Ataribox - kolejne detale

Poznaliśmy cenę oraz przybliżoną datę premiery urządzenia.

@ 27.09.2017, 11:10
Marcin "bigboy177" Trela
Czasem coś piszę, czasem programuję, czasem projektuję, czasem robię PR, a czasem marketing... wszystko to, czego wymaga sytuacja. Uwielbiam gry, nie cierpię briefów reklamowych!
inne

Ataribox - kolejne detale

Firma Atari podała do publicznej wiadomości kolejne informacje dotyczące jej najnowszej, opracowywanej właśnie konsoli. Zgodnie z informacją prasową, Ataribox, bo o nim mowa zadebiutuje w przyszłym roku, cena nie będzie też jakoś szczególnie wygórowana.

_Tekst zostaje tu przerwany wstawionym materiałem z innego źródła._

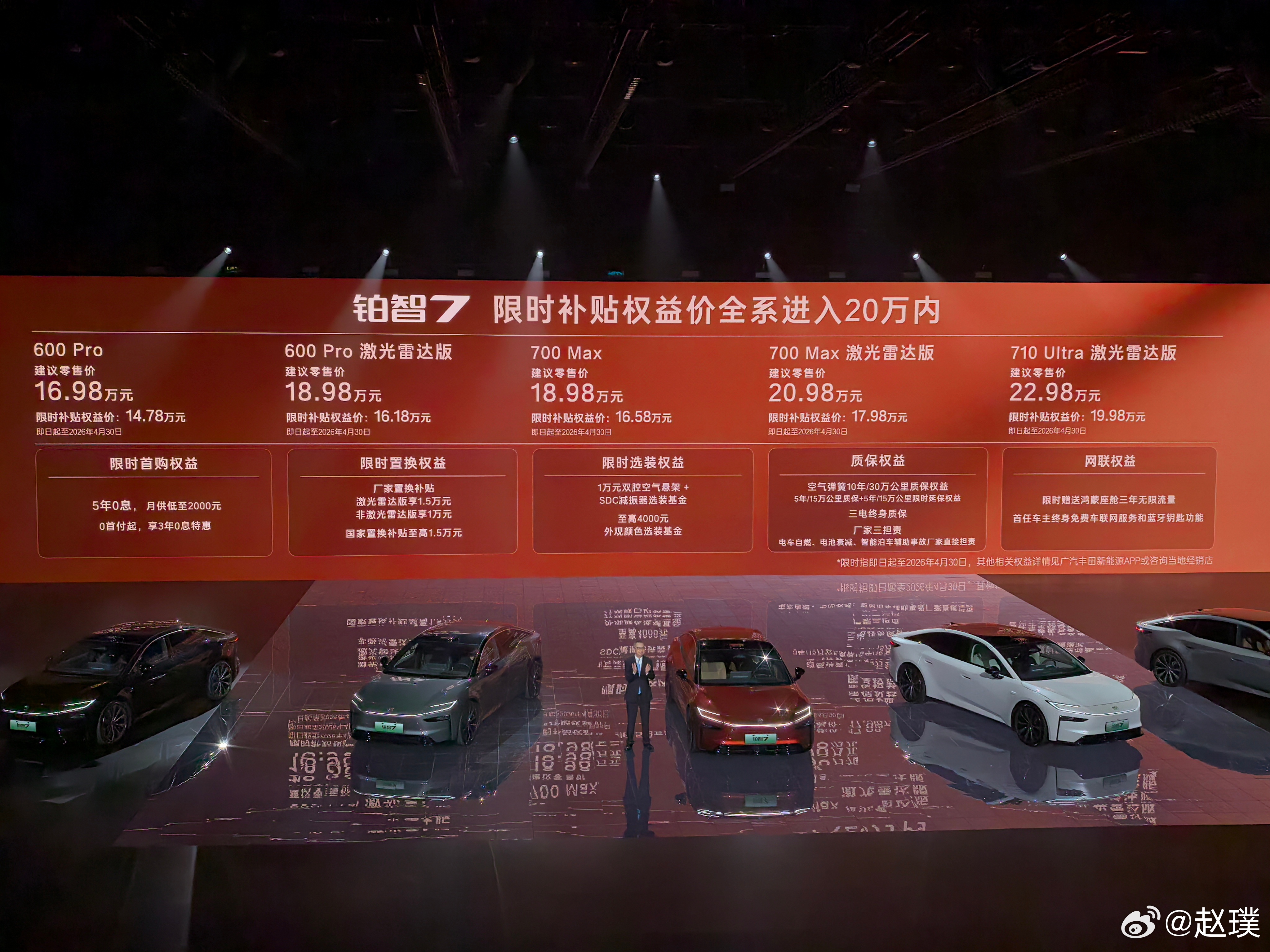 铂智7正式上市,售价区间16.98万-22.98万,同时空悬选装价只需5000元。

Jak donosi redakcja portalu Polygon, Ataribox jeszcze w tym roku zobaczymy w ramach kampanii crowdfundingowej na Indiegogo. Akcja ruszy jesienią, a jeśli wszystko pójdzie dobrze, gotowy system powinien trafić wówczas do sklepów wiosną 2018 roku.

W zależności od tego, na jaką wersję się zdecydujemy, zakup będzie wiązał się z wydatkiem pomiędzy 249, a 299 amerykańskich dolarów, czyli w granicach 1000-1200 zł. System urządzenia oparto na Linuksie, a sercem platformy jest procesor AMD wyposażony w układ graficzny Radeon.

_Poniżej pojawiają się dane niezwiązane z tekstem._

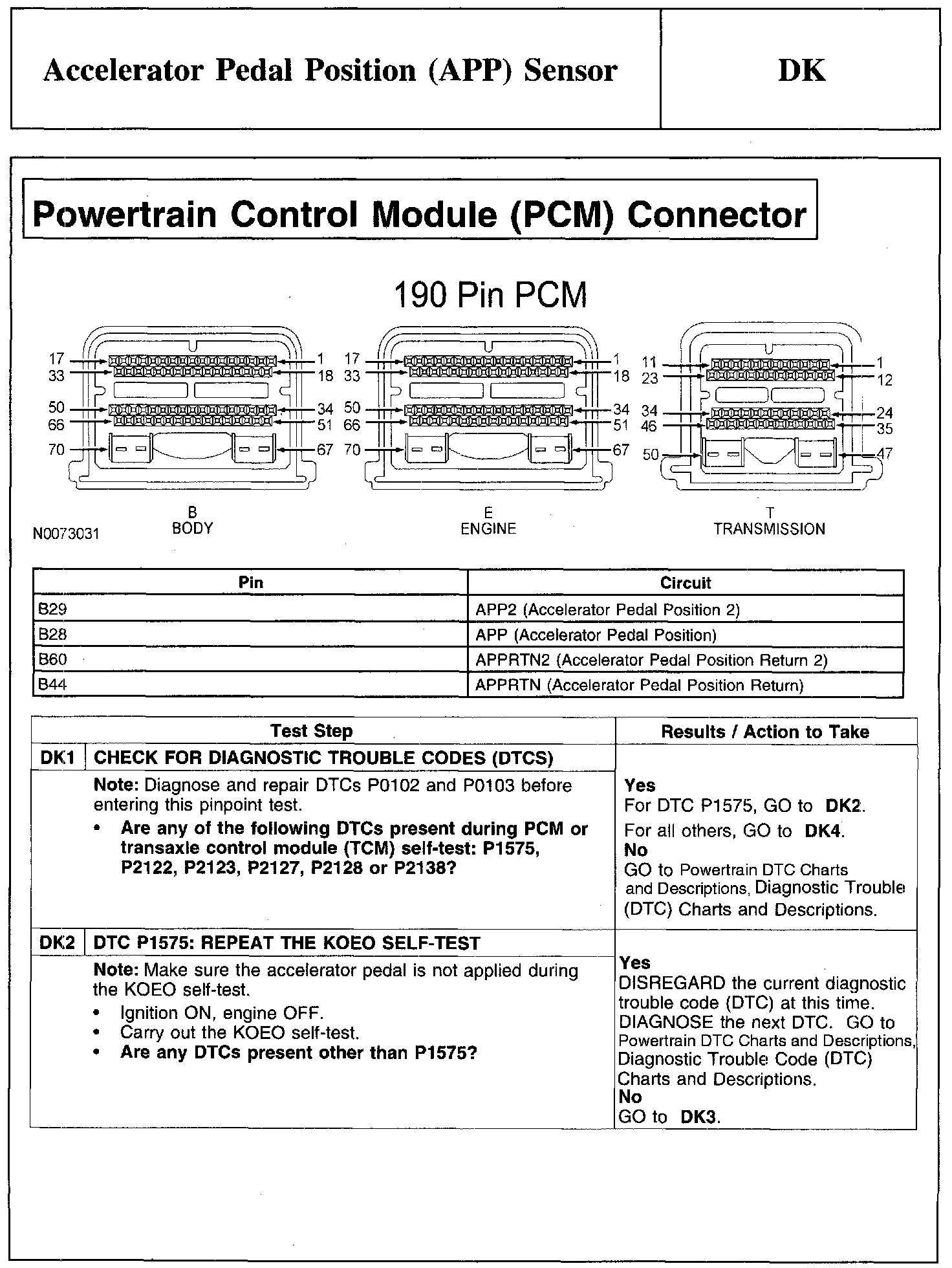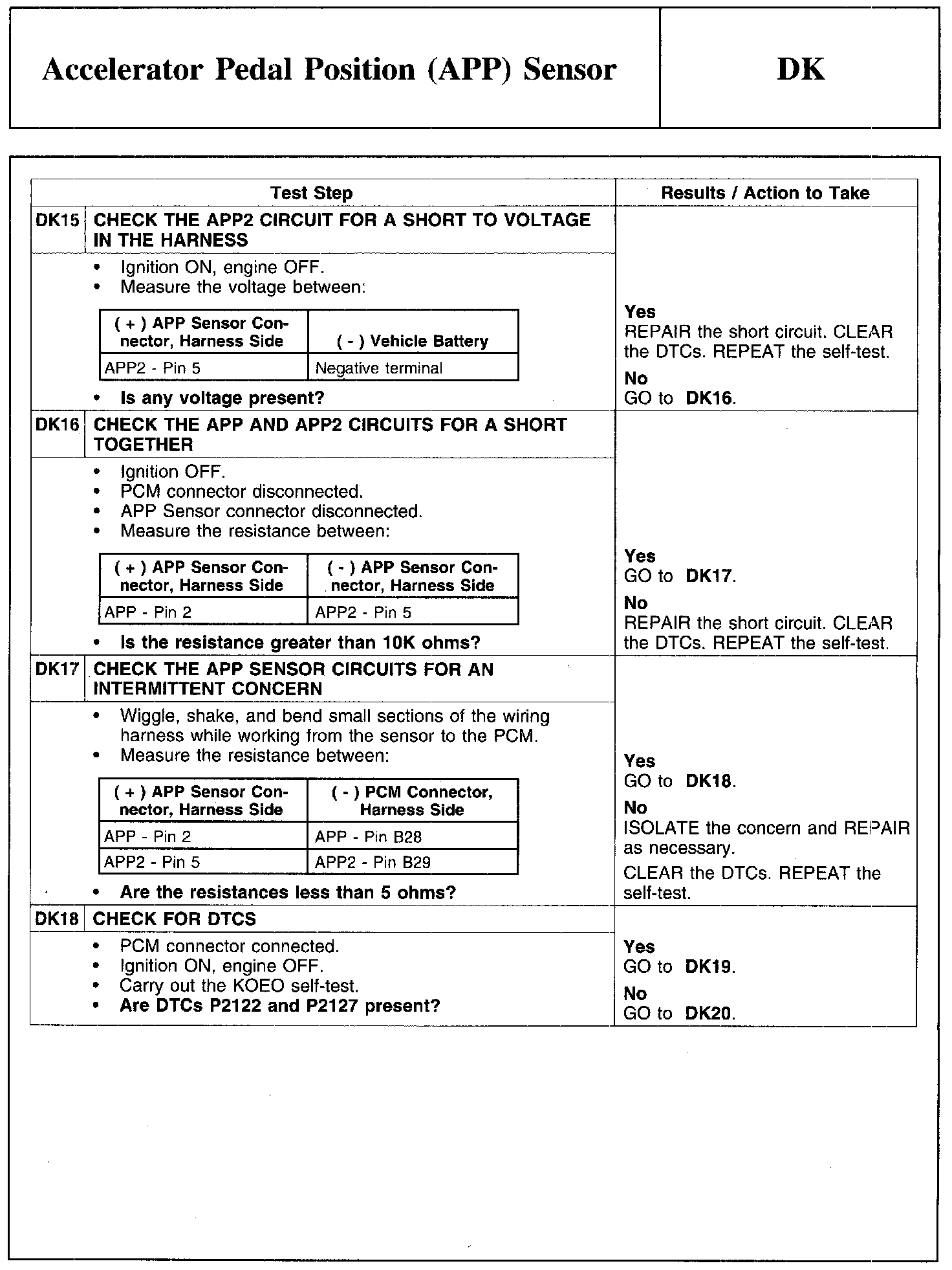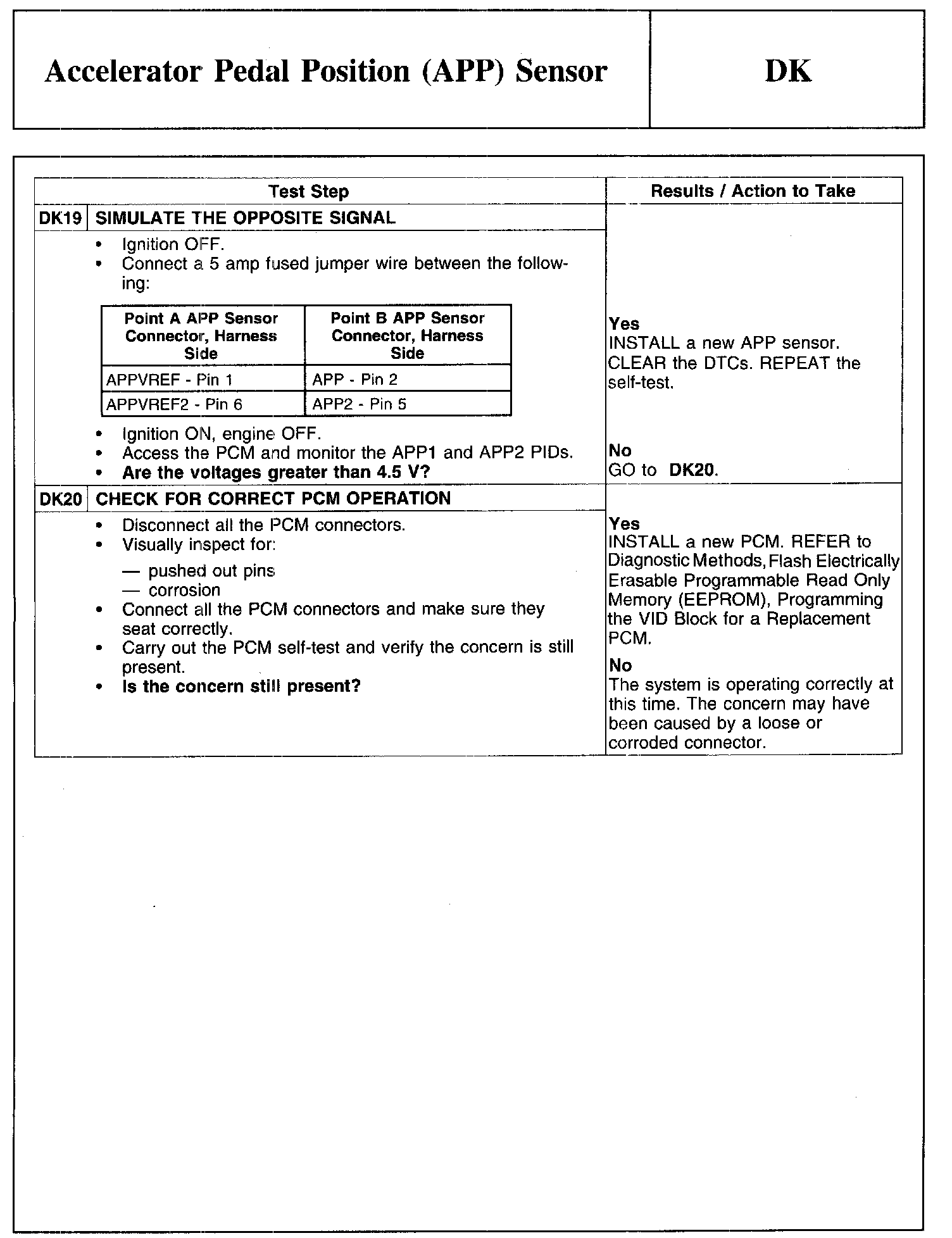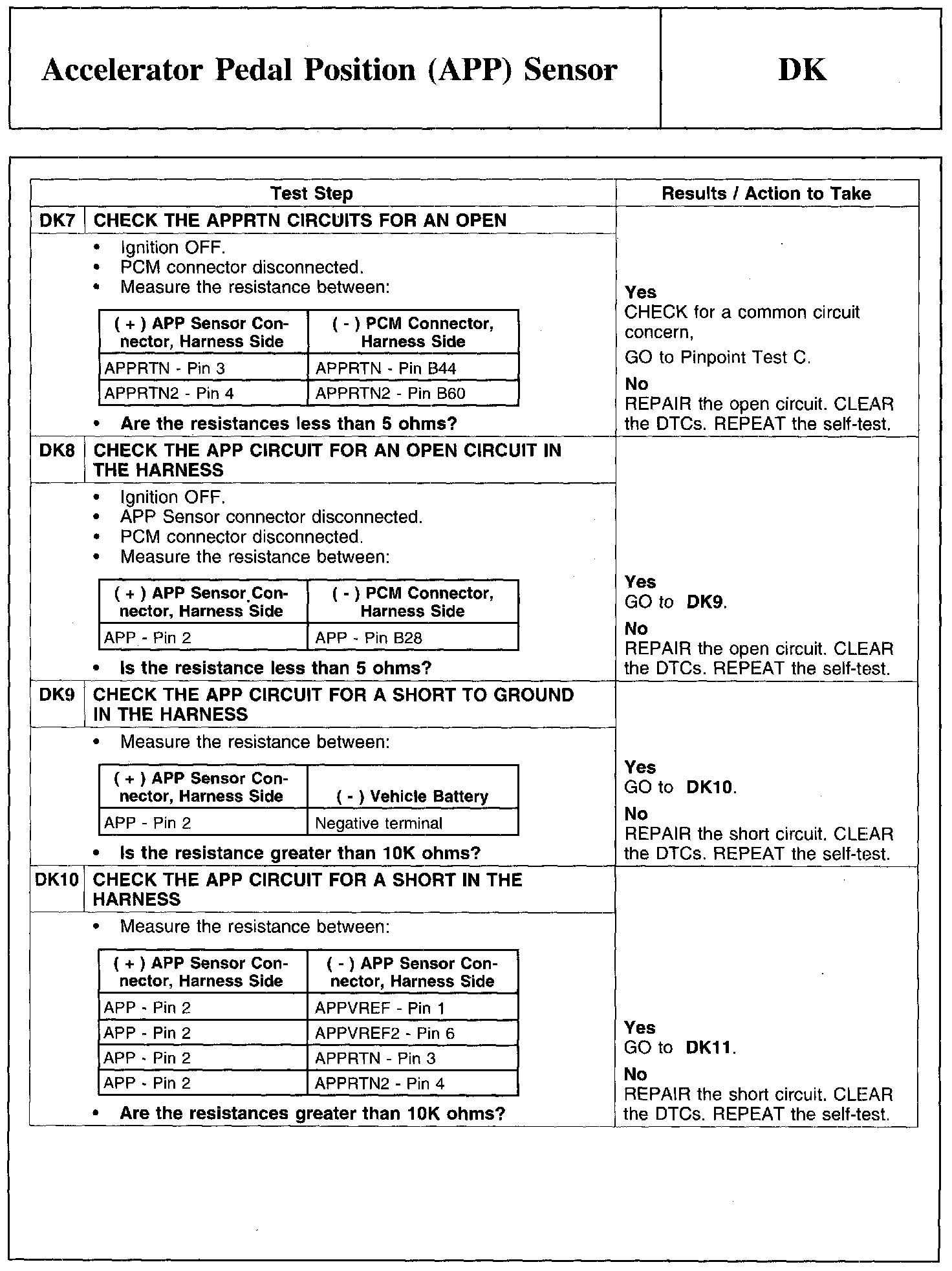 PINPOINT TEST DK: ACCELERATOR PEDAL POSITION (APP) SENSOR

Konsola wspierać będzie gry, mutlimedia, streamowanie, przeglądanie stron internetowych i wiele więcej. Jak twierdzi Atari, potencjalni użytkownicy cieszyć się będą z wielu atrakcji, a także "ton" klasycznych gier, upakowanych do systemu.


Dodaj Odpowiedź
Komentarze (15 najnowszych):
0 kudosguy_fawkes   @   13:19, 27.09.2017
Linux, streamowanie, gry... Brzmi jak Shield, tylko od Atari. Nvidia świetnie przemyślała swój produkt i dopracowała go przez kilka generacji do takiego stopnia, że teraz to znakomite centrum rozrywki pod TV. Nie jestem jednak pewien, czy to samo uda się dawnemu gigantowi. Retro jest w modzie, ale raczej od epoki NES-a włącznie, zaś poprzednie inicjatywy tego typu, jak choćby Atari Flashback, nie cieszyły się dużą popularnością. Mnie też jakoś specjalnie nie kręcą, choć lubię stare gry i sprzęt.
0 kudosshuwar   @   13:26, 27.09.2017
Jak mam czasami ochotę wrócić do prehistorii, tj. Atarii czy Amigi... odpalam emulator. Czy chciałbym kupować dedykowaną do tego konsolę? Jeśli już byłbym takim fanem chyba jednak skompletowałbym stary sprzęt z magnetofonem Puszcza oko Uśmiech
0 kudosguy_fawkes   @   13:35, 27.09.2017
Ja tam widzę mnóstwo zalet takiego sprzętu - wbudowana baza gier, wyjście HDMI, save-state'y... To samo miał NES Mini i pod tym względem jest genialny, a po cichu marzę o Retronie, prawdziwym kombajnie tego typu. On akurat wbudowanych gier nie ma, ale pozwala na odpalanie kadridży z różnych platform.
0 kudosKreTsky   @   03:11, 28.09.2017
Tylko cena z kosmosu. Retro pi mozna kupic za grosze z podobnymi funkcjami. Sadzilem, ze beda chcieli konkurowac z zabawkami Nintendo ale z cena wystrzelili 2x. Szkoda bo mialem ochote na ten gadzet.
0 kudosguy_fawkes   @   11:16, 28.09.2017
Cena wyższa, bo funkcji też więcej - tak jak pisałem, zalatuje to Shieldem. NES czy SNES Mini potrafią tylko odpalać wbudowane gry i nic poza tym. A RetroPie to tylko baza sprzętowo-programowa, bez gier.
Tym niemniej nie wróżę sukcesu. Multimedialnych przystawek jest na rynku sporo, a wspomniany Shield jest póki co z nich najlepszy.